Justement, il s’en présente une dans la salle du Trésor, cet endroit dans le temple où les gens déposent leurs offrandes. La pauvre veuve y verse deux petites piécettes d’argent, une obole ridicule. Mais Jésus en fait l’éloge: cette femme a donné non pas de son superflu mais de son nécessaire. La modestie de son geste est tout en contraste avec la superbe des scribes et des pharisiens.
Pourquoi Marc raconte-t-il cette histoire? Il écrit sans doute une quarantaine d’années après les événements alors que le temple n’existe plus. Y a-t-il dans sa communauté de Rome, où il rédige son évangile, des chrétiens qui cherchent le pouvoir, à se faire voir? Cela serait étonnant puisque les chrétiens sont perçus comme une secte juive qu’on a exclu des synagogues. Ou s’adresse-t-il à nous aujourd’hui pour nous éviter la même hypocrisie que Jésus reprochait aux scribes et aux pharisiens? Si le chapeau nous fait, ne regardons pas ailleurs.

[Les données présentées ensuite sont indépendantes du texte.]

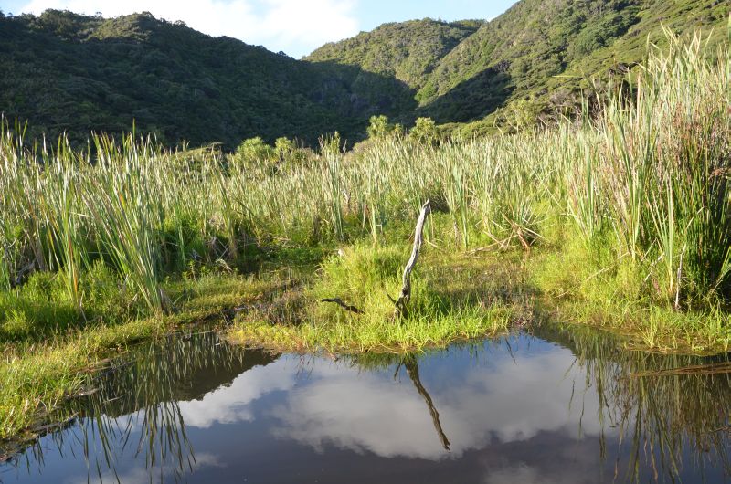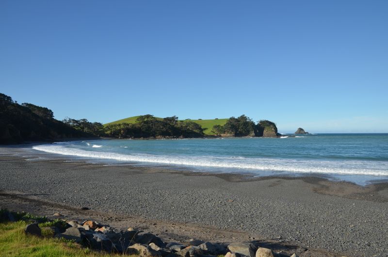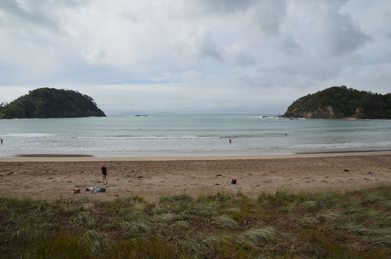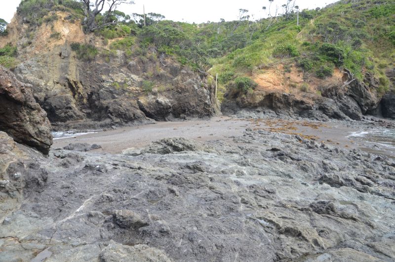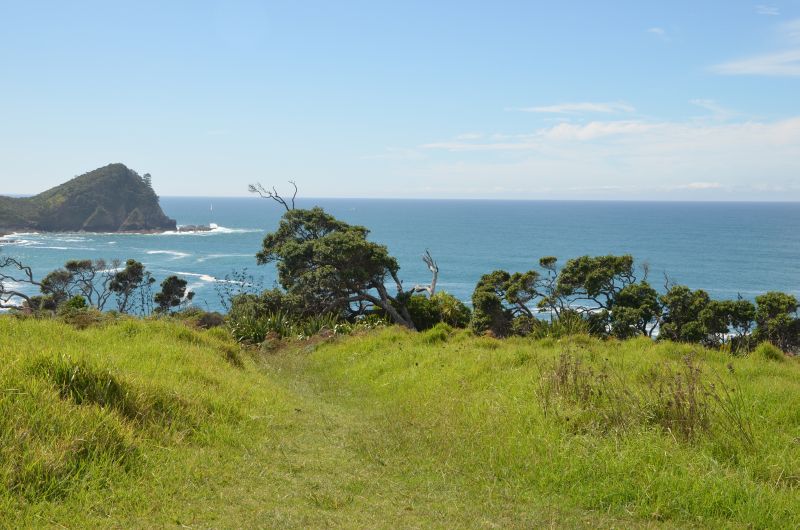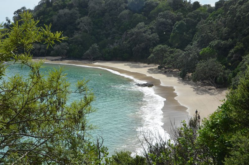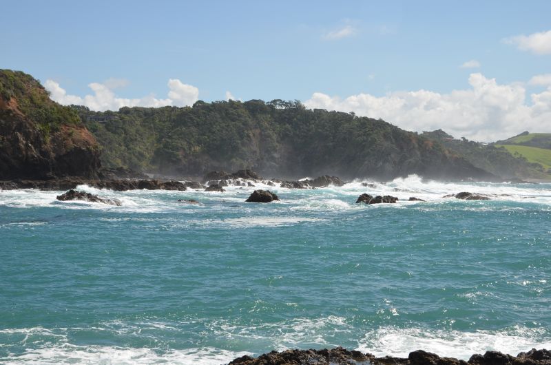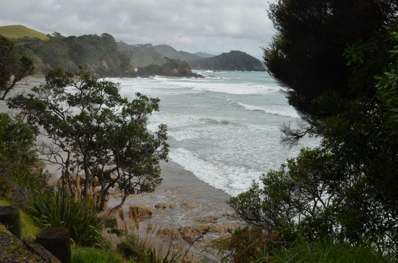 Wir suchen uns dort noch den Tapeka Point Trail raus, einen kurzen aber knackigen Anstieg zu einer Stelle auf der früher ein Maori Pa (Palisades, eine Art Fort) stand. Von dort oben hat man einen tollen Rundumblick über die Bay of Islands. Nach dem Abstieg wandern wir noch ein wenig über den nahen Strand und schauen uns auf den Felsen nach Tidepools um.

Le chemin de vie chrétienne décrit dans les béatitudes est d’un tout autre ordre : ‘Heureux les pauvres, les doux, les purs, les artisans de paix, les assoiffés de justice…’ On reconnaît là notre pauvre veuve. Dans la simplicité de son geste, elle cadre bien avec ce peuple des anawim, ces humbles gens qui ont reconnu en Jésus l’Envoyé de Dieu.
Prenons l’exemple d’une autre veuve, celle que le prophète Élie rencontre à Sarepta. Il ne lui reste pas grand choses à manger, elle et son fils, alors qu’on lui demande de partager le peu qu’elle a. Elle n’hésite pas pourtant et Élie en fait l’éloge en lui promettant que jamais plus sa jarre manquera de farine ni son vase d’huile. Lorsqu’on a peu et qu’on est prêt à tout donner, une pluie de bénédictions vient combler notre confiance. C’est la promesse du Seigneur.
Nous jetons parfois un regard de tristesse sur la situation de notre Église. Il y a peu de prêtres et de religieuses. Ceux et celles qui restent ont atteint la vieillesse. On vend églises et presbytères; il n’y a que les cimetières qui tiennent bon. Nos assemblées sont clairsemées et les ressources financières épuisées. Mais où est notre espérance? Avons-nous perdu confiance en Dieu? Regardons plutôt les pousses nouvelles, ces bourgeons qui annoncent le printemps de Dieu. Non pas avec le prestige et l’éclat de l’histoire passée mais avec la modestie et l’humble grandeur de ce qui vient de Dieu.
Nous vivons dans un temps de purification, d’enfouissement, où il nous est rappelé que la graine déposée en terre doit mourir afin de porter des fruits d’évangile. C’est notre Samedi-Saint, comme nous le rappelait sœur Isabelle LeBourgeois cette semaine. Dans le silence se prépare la joie de Pâques où les ténèbres de nos vies verront se lever la lumière du Ressuscité. Gardons confiance et écoutons l’Esprit qui parle à notre cœur et décille nos yeux pour nous laisser découvrir l’aurore qui se lèvera.